In this paper, several typical retrieval examples are selected to analyze the rich forms of geographic information retrieval methods for GML data resources. As shown in Figure 14, the red line is the Jing-Fu highway and is taken as the reference object. We entered “gas stations near the Jing-Fu highway” in the retrieval box. The default retrieval is gas stations within 1 km around the Jing-Fu highway. The retrieval results are basically distributed along the Jing-Fu route. With the retrieval of spatial relations, search results can be effectively filtered, and a large number of results which are not satisfied with spatial relations are excluded. Compared with a traditional search, the search results are more targeted, which provides a richer form of retrieval than simple, keyword-based full-text retrieval.
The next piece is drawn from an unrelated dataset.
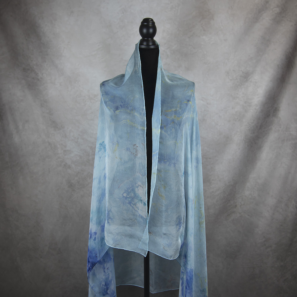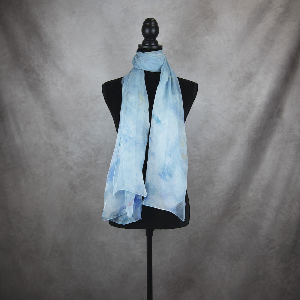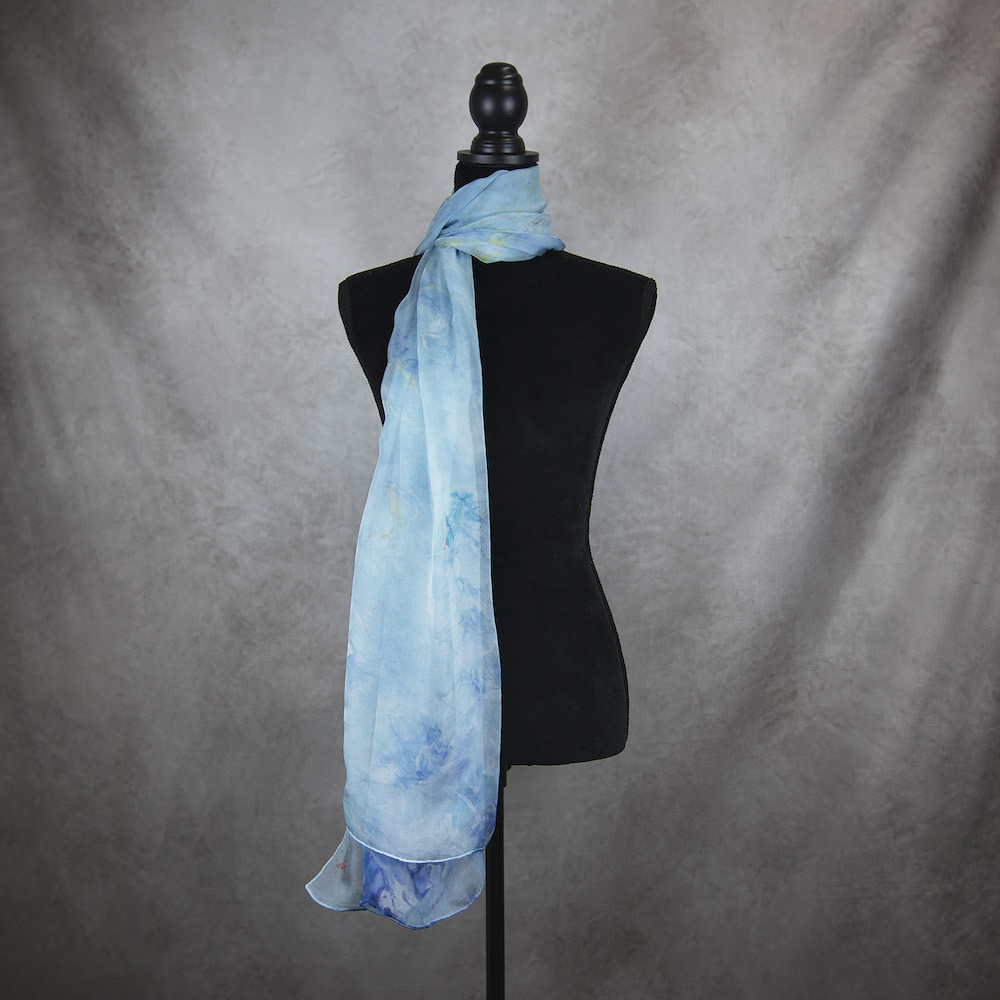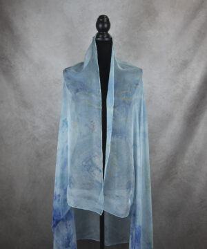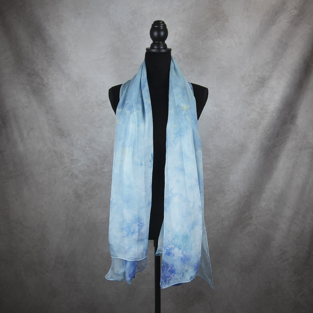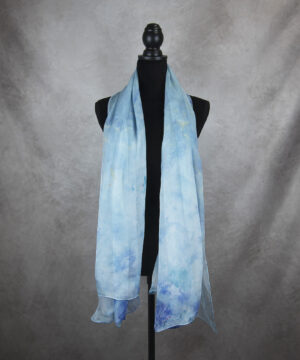 Postup tvorby: Šál je farbený špeciálnym spôsobom, 100% prírodným pigmentom určeným priamo na farbenie hodvábu. Farba je zafixovaná, šál vypratý a ošetrená fixátorom farieb. Okraje sú ručne zrolované a ručne prešité a následne je celý šál vyžehlený.

As shown in Figure 15, the red line is the Ning-Hang highway. Taking the Ning-Hang highway as a reference object, we retrieved “highways intersecting with the Ning-Hang highway”. The blue lines are highways, which are retrieval results. For example, we select one retrieved highway, which is returned in the form of GML elements. This clearly expresses the constraints of geospatial relations between the retrieved object and the reference object, and reflects the intersection characteristics between the line elements. It extends the retrieval mode and application scope of the GML data.

6. Conclusions

In this study, by analyzing and extracting the attribute features, spatial features, and structure features of GML data, we took GML elements as retrieval units and designed retrieval modes to normalize the expression of the retrieval conditions. Then, in order to take into account all the features of GML data, we put forward a GML_GIR model for the first time. On the basis of the open-source, full-text retrieval framework Lucene, we constructed compressive indexes, designed relevance calculations for different features, modified related computing modules of Lucene retrieval results, and realized retrievals of GML information. An experimental solution is proposed with 1st GCS data. The experiment also proves its efficiency and effectiveness in different retrieval conditions. The recall and precision rate of searching results was more than 90%, which meets users’ requirements. Compared with traditional GML query methods, the experiment could provide a friendly interface. The feasibility of the design is proved by the experimental data.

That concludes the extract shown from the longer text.